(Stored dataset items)

■ ■ ■ ■

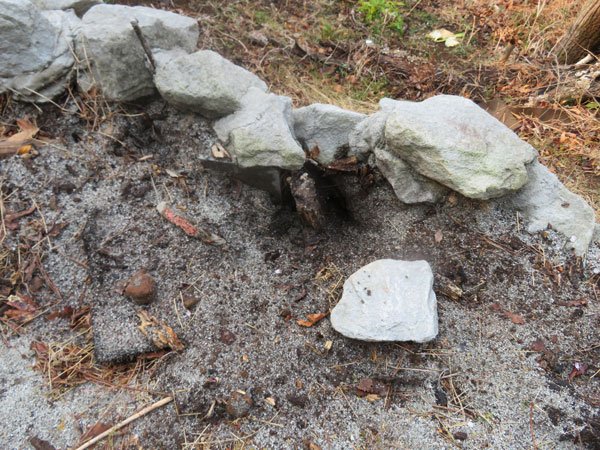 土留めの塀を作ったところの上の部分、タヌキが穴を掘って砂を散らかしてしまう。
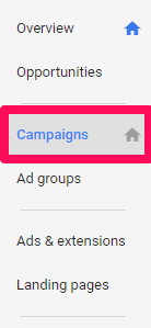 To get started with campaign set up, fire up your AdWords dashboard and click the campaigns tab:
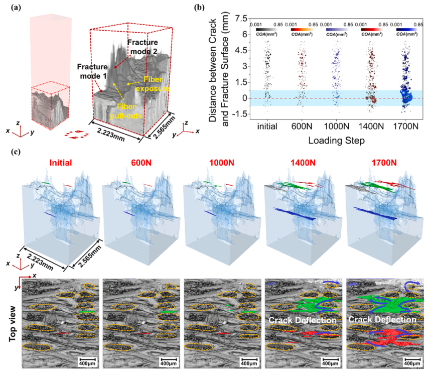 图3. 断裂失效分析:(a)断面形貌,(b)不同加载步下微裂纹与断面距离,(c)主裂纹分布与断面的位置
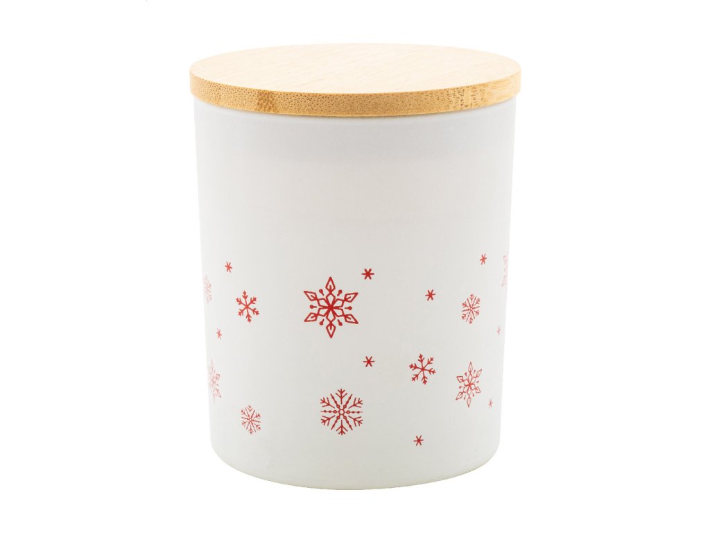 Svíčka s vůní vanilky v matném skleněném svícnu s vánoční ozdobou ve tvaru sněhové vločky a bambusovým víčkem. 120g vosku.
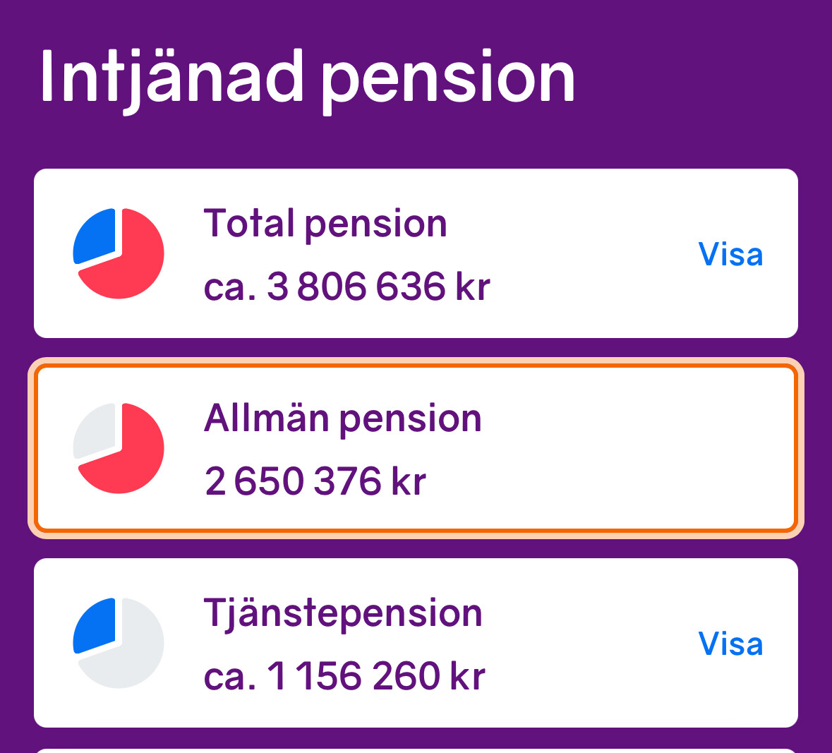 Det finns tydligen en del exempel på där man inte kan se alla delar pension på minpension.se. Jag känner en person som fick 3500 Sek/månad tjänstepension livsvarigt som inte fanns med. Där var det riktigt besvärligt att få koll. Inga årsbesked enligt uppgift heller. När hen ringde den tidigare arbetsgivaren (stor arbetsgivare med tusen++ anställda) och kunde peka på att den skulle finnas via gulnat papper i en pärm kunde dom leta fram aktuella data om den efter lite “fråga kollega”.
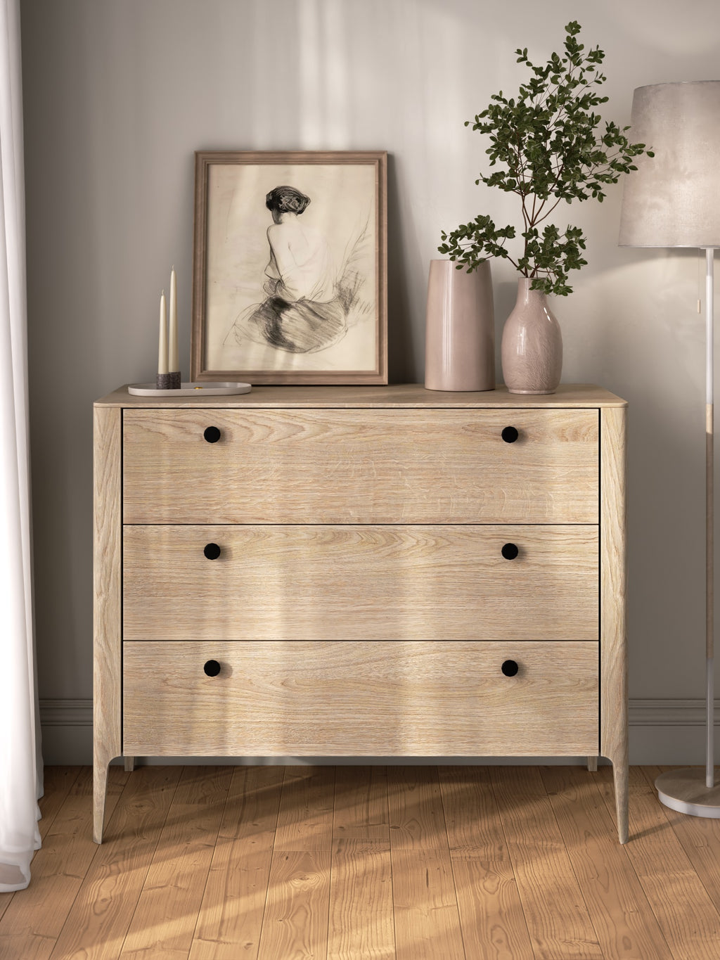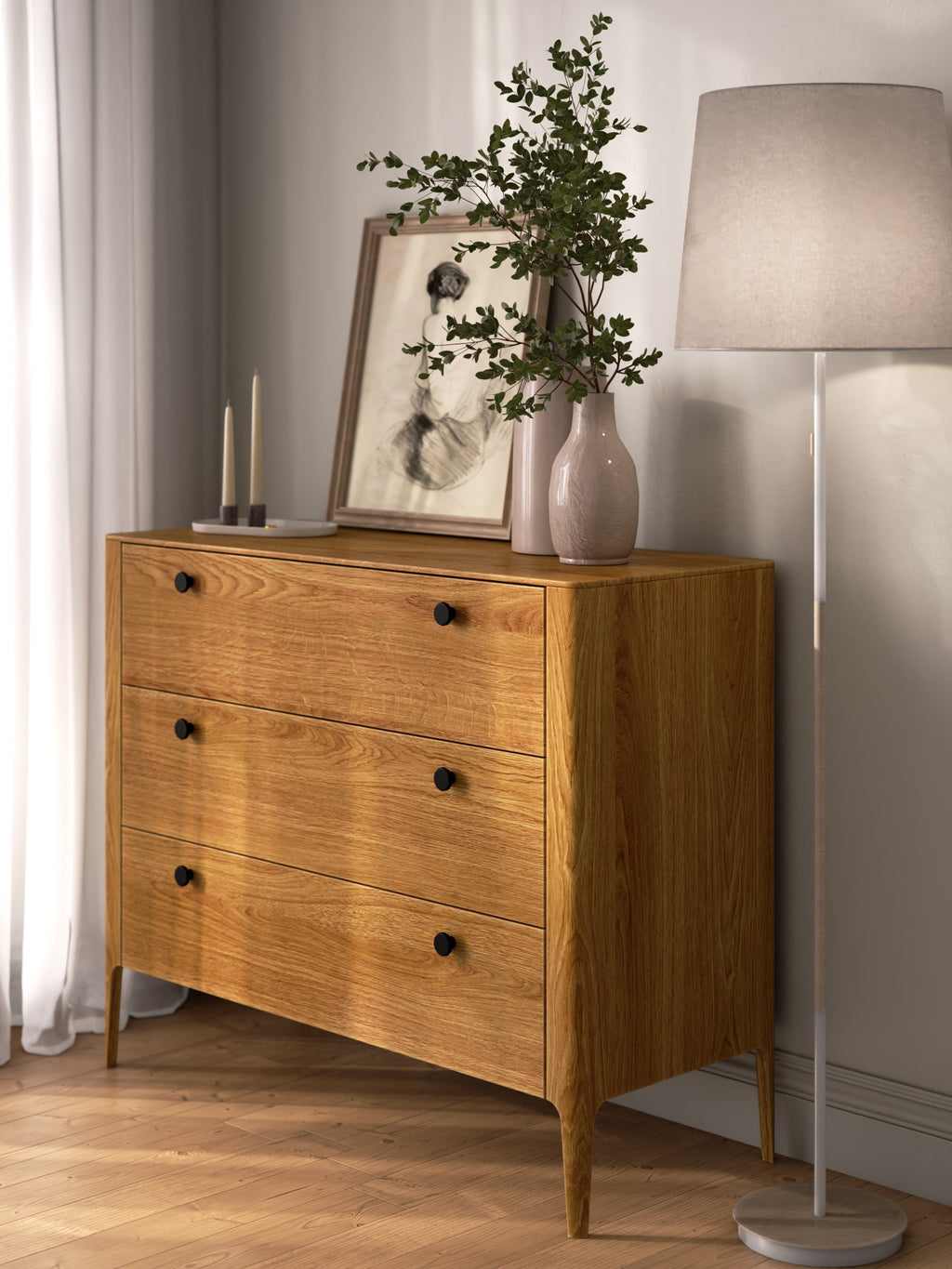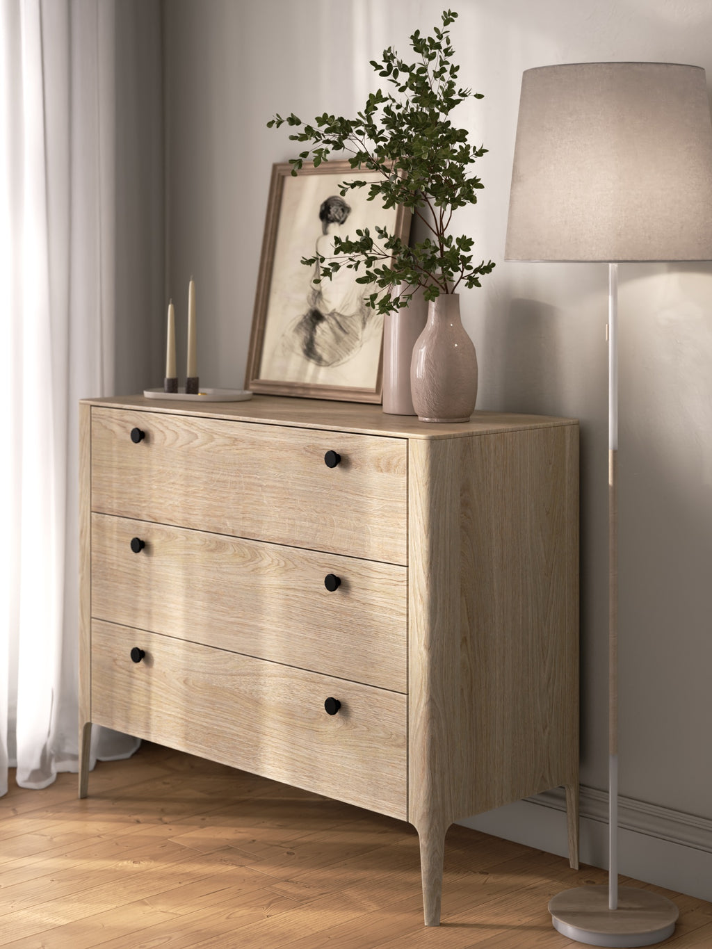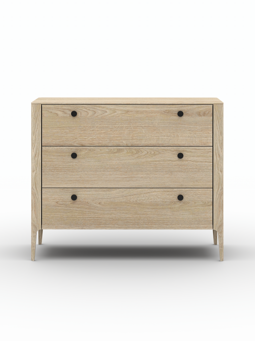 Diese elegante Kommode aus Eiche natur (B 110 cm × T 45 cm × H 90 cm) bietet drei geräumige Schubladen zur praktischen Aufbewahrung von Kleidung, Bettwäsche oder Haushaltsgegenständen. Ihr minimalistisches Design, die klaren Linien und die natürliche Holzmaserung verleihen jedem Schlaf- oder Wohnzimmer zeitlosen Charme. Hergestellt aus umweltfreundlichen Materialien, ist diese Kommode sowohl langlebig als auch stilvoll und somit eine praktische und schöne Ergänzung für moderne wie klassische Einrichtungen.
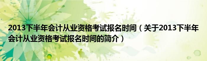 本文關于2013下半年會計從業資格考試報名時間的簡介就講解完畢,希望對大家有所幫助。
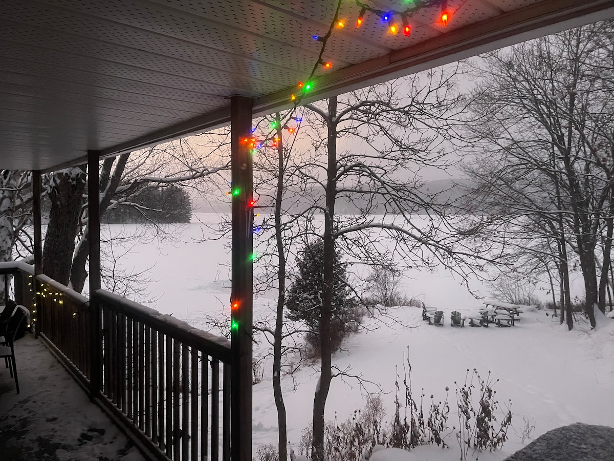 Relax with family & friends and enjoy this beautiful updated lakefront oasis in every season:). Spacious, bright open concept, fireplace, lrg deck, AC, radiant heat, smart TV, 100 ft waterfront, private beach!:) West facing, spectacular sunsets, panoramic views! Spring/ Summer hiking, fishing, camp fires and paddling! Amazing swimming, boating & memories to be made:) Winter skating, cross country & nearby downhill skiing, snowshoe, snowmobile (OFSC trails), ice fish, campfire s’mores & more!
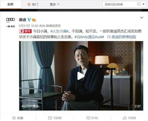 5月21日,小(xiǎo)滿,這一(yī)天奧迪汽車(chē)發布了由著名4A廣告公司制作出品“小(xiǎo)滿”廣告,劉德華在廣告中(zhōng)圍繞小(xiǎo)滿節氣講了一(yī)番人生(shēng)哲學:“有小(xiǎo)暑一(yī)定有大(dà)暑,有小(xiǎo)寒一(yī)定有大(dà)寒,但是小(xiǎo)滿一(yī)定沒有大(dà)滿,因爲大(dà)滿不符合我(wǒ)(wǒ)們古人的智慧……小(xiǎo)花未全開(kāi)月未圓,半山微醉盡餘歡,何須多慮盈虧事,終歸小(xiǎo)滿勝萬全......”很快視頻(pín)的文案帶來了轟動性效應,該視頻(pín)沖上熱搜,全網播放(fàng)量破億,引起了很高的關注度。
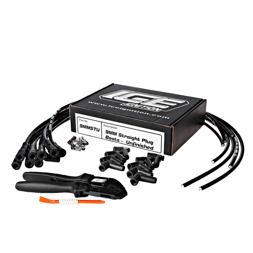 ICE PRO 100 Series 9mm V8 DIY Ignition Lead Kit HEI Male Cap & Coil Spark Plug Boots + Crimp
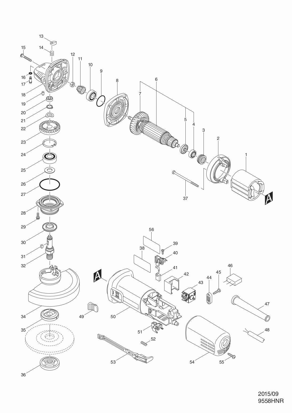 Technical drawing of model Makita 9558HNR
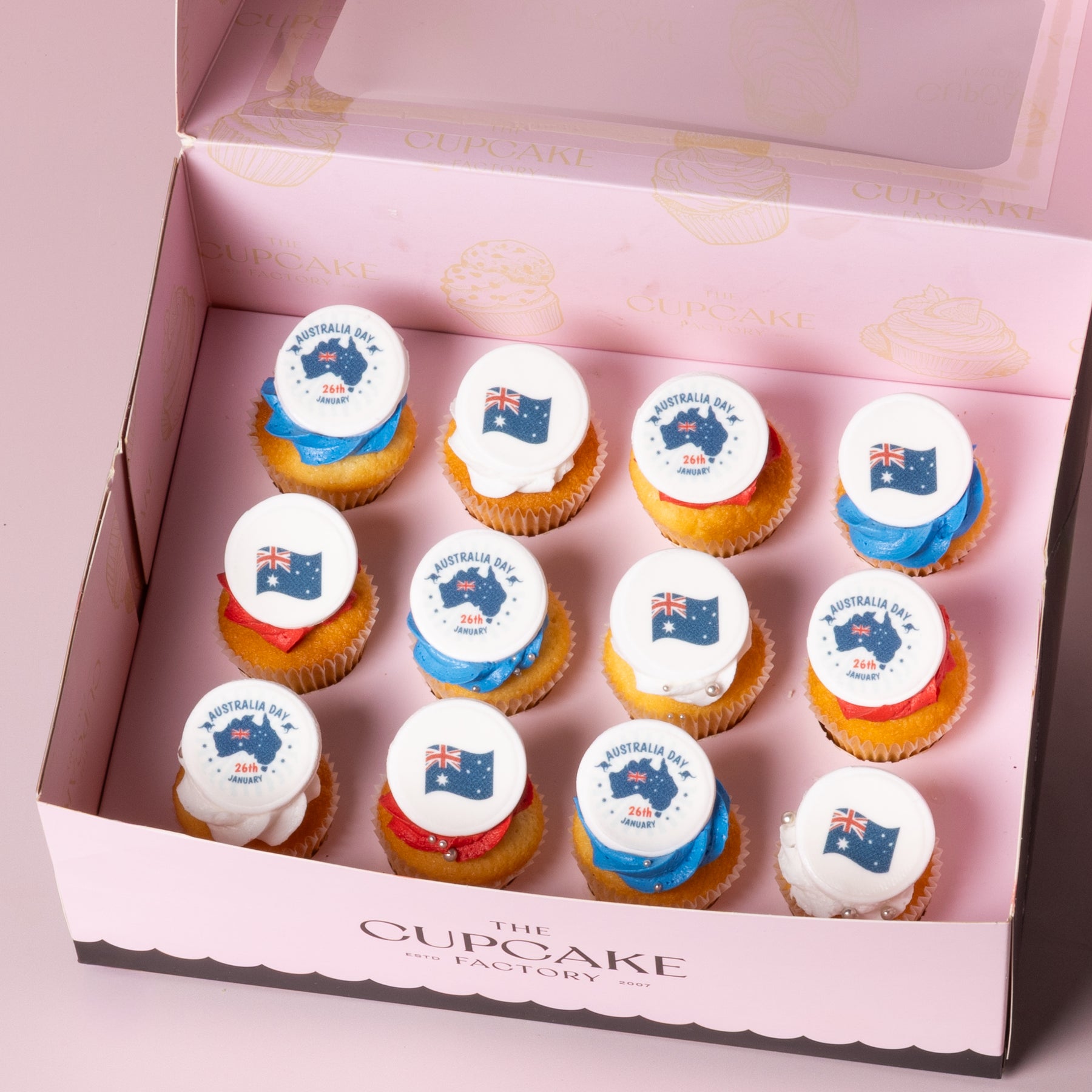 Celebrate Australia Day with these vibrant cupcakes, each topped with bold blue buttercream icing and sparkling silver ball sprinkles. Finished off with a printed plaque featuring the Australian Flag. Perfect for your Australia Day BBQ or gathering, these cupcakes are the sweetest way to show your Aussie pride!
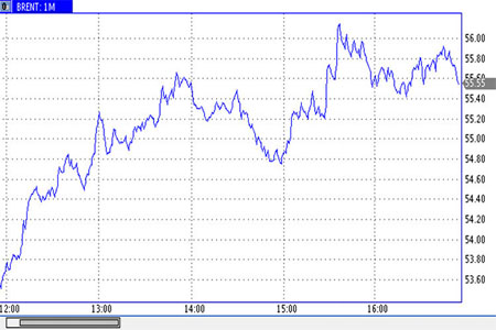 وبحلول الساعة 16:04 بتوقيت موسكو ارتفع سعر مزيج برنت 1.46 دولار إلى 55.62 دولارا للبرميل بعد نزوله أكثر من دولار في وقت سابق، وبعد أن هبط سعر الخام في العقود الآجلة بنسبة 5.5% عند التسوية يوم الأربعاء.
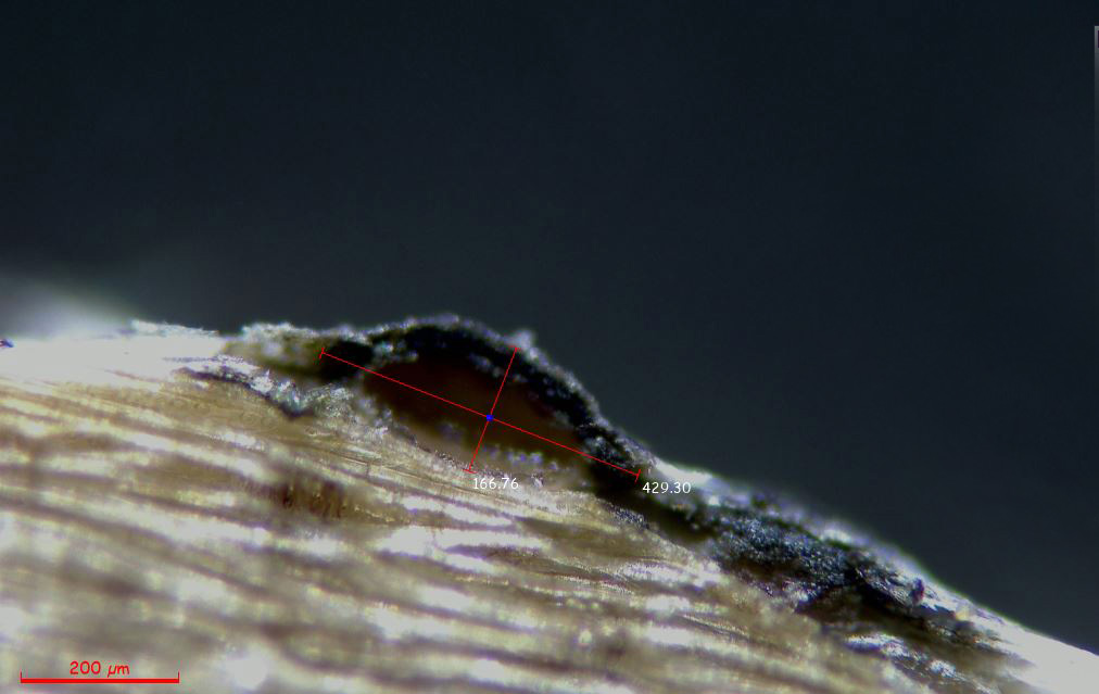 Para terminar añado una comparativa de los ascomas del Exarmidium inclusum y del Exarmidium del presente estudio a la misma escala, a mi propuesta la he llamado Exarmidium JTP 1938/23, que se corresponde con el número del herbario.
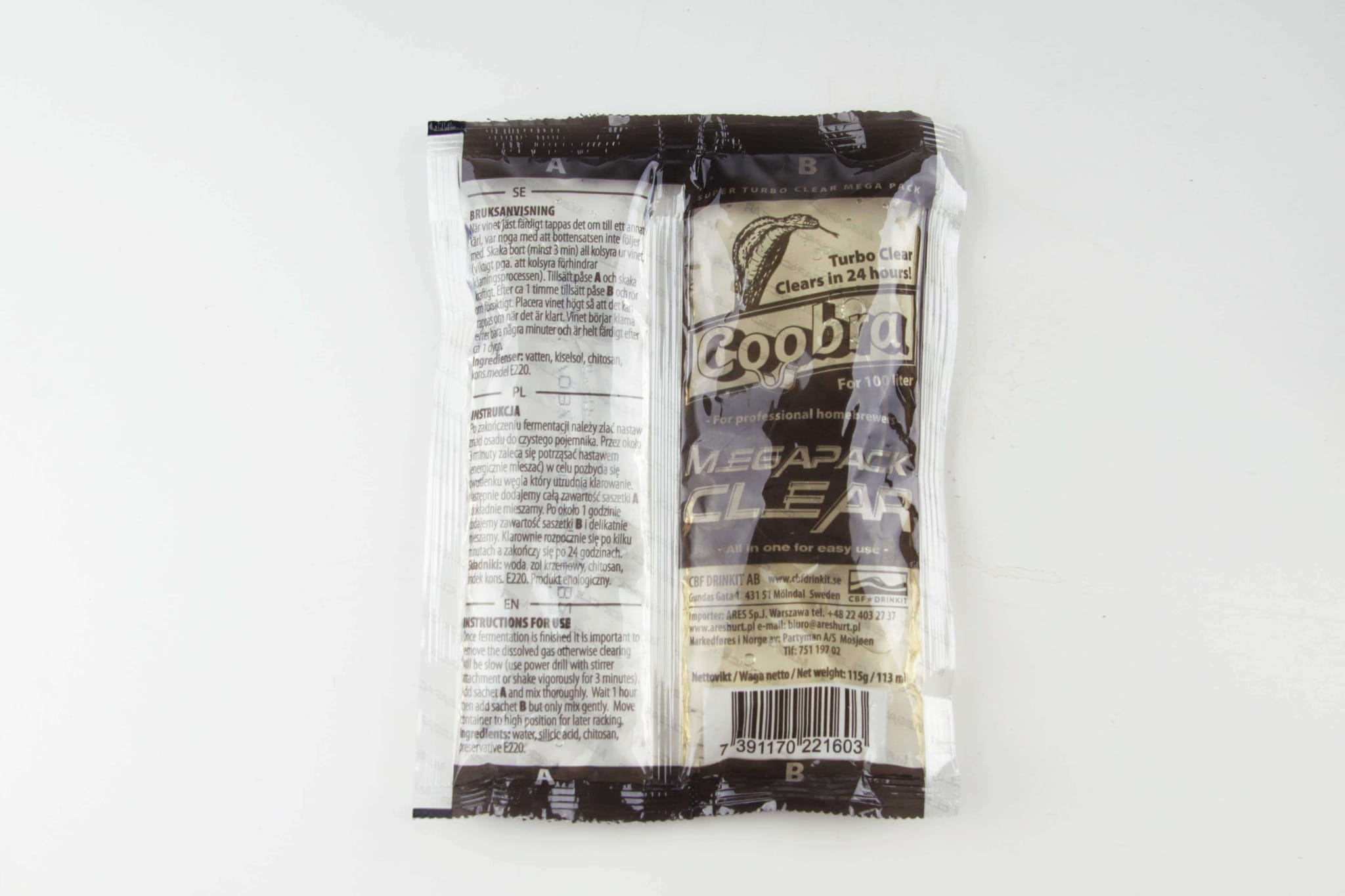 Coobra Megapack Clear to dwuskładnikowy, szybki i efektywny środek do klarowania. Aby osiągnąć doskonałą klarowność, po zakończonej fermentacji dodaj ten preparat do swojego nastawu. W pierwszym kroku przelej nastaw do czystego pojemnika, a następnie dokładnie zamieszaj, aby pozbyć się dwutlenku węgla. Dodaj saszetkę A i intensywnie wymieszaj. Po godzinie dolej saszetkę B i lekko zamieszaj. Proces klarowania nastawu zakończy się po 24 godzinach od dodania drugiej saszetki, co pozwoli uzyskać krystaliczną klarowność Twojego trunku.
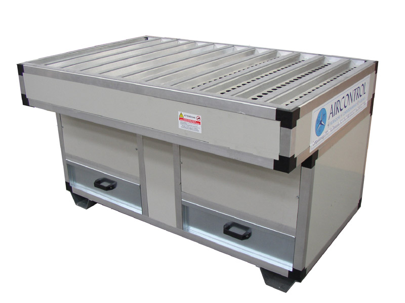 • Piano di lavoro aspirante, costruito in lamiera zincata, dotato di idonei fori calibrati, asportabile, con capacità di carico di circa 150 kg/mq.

■ ■ ■ ■

• [About this exercise] An exact copy is needed of the entries above, starting at the line that holds "Diese elegante Kommode" and stopping at the line that holds "本文關于2013下半年會計從", both kept; pictures stay out.

• [Solution below]
 Diese elegante Kommode aus Eiche natur (B 110 cm × T 45 cm × H 90 cm) bietet drei geräumige Schubladen zur praktischen Aufbewahrung von Kleidung, Bettwäsche oder Haushaltsgegenständen. Ihr minimalistisches Design, die klaren Linien und die natürliche Holzmaserung verleihen jedem Schlaf- oder Wohnzimmer zeitlosen Charme. Hergestellt aus umweltfreundlichen Materialien, ist diese Kommode sowohl langlebig als auch stilvoll und somit eine praktische und schöne Ergänzung für moderne wie klassische Einrichtungen.
 本文關于2013下半年會計從業資格考試報名時間的簡介就講解完畢,希望對大家有所幫助。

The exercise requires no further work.